Document Type



Presented at the 5th Inter-University Graduate Student Conference at Cornell Law School, March 2009.


The health of the economy and the effectiveness of monetary policy depend on a sound financial system. A smoothly functioning banking supervision regime is one of the cornerstones of any financial system. Only a stable financial system, which is one of the key aims of state regulation and oversight, can optimally fulfill its macroeconomic function of efficient and low-cost transformation and provision of financial resources. A global financial meltdown will affect the livelihoods of almost everyone in an increasingly inter-connected world. The primary goals of supervision and regulations include protecting depositors' funds, maintaining a stable monetary system, promoting an efficient and competitive banking system and protecting consumer rights related to banking relationships and transactions.

Weakness in the banking system of a country, whether developing or developed, can threaten financial stability both within that country and internationally. The need to improve the strength of financial systems has attracted growing international concern. It is clear that instability in systemically significant countries can spill over to other countries, either on a regional level or globally.

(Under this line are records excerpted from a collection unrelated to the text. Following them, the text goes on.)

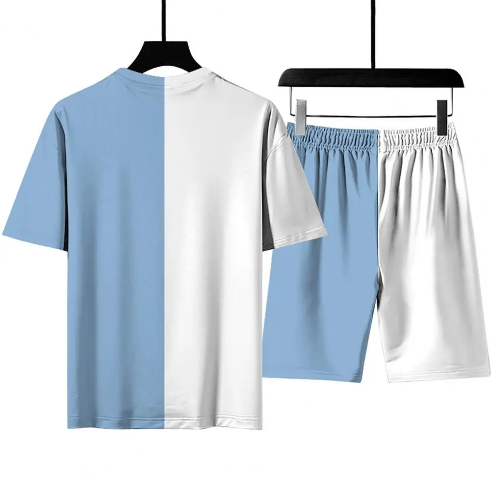 2021 стильный цветной спортивный костюм с коротким рукавом, комплект из двух предметов, футболка с круглым вырезом и шорты, мужской свободный спортивный костюм, спортивная одежда для повседневной носки
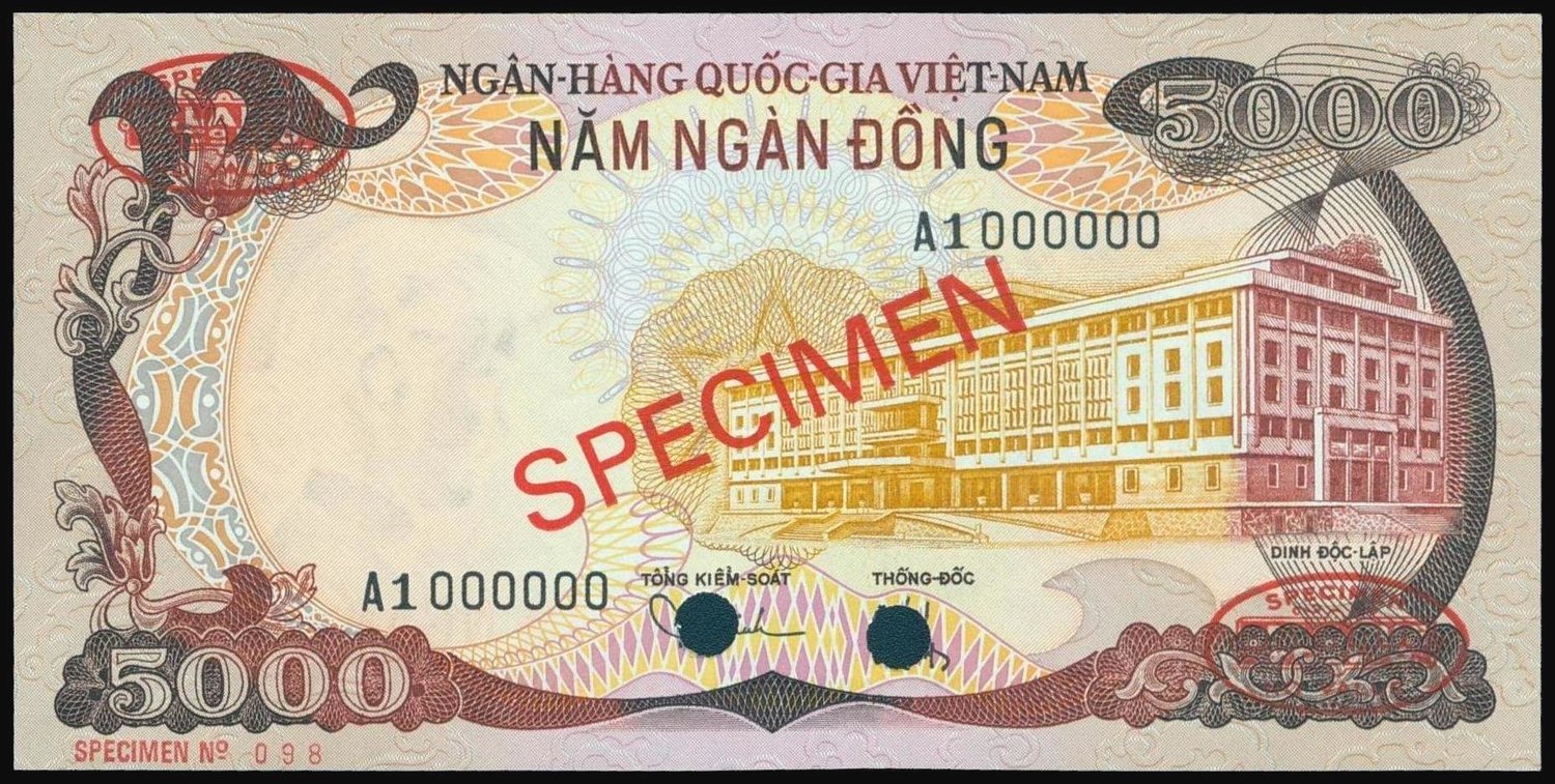South Vietnam, 5000 dong, specimen, 1975, brown and multicolour, Palace of Independence at right, leopard on reverse,
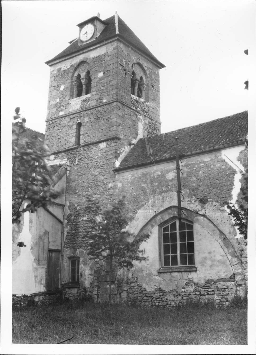 Clocher et restes du bâtiment du 12s servant de sacristie : inscription par arrêté du 10 décembre 1927

There is a great deal of uncertainty around the nature of risks in the markets as well as many external risks, the adequacy of risk and what might trigger the next stress scenario. There is a lot that banks and supervisors can do in practice to better prepare for the inevitable next downturn. Banks and supervisors can focus their efforts on strengthening risk management in areas that presents the greatest vulnerabilities to the deteriorating market liquidity scenario, as well as on those risks that are not well addressed using more traditional risk metrics. Moreover, there is significant value in the industry and supervisors sharing insights on issues and concerns around this type of a scenario. Finally, Basel II provides a structured framework for discussing some of the new risks we are seeing and creating incentives to better measure and manage those risks.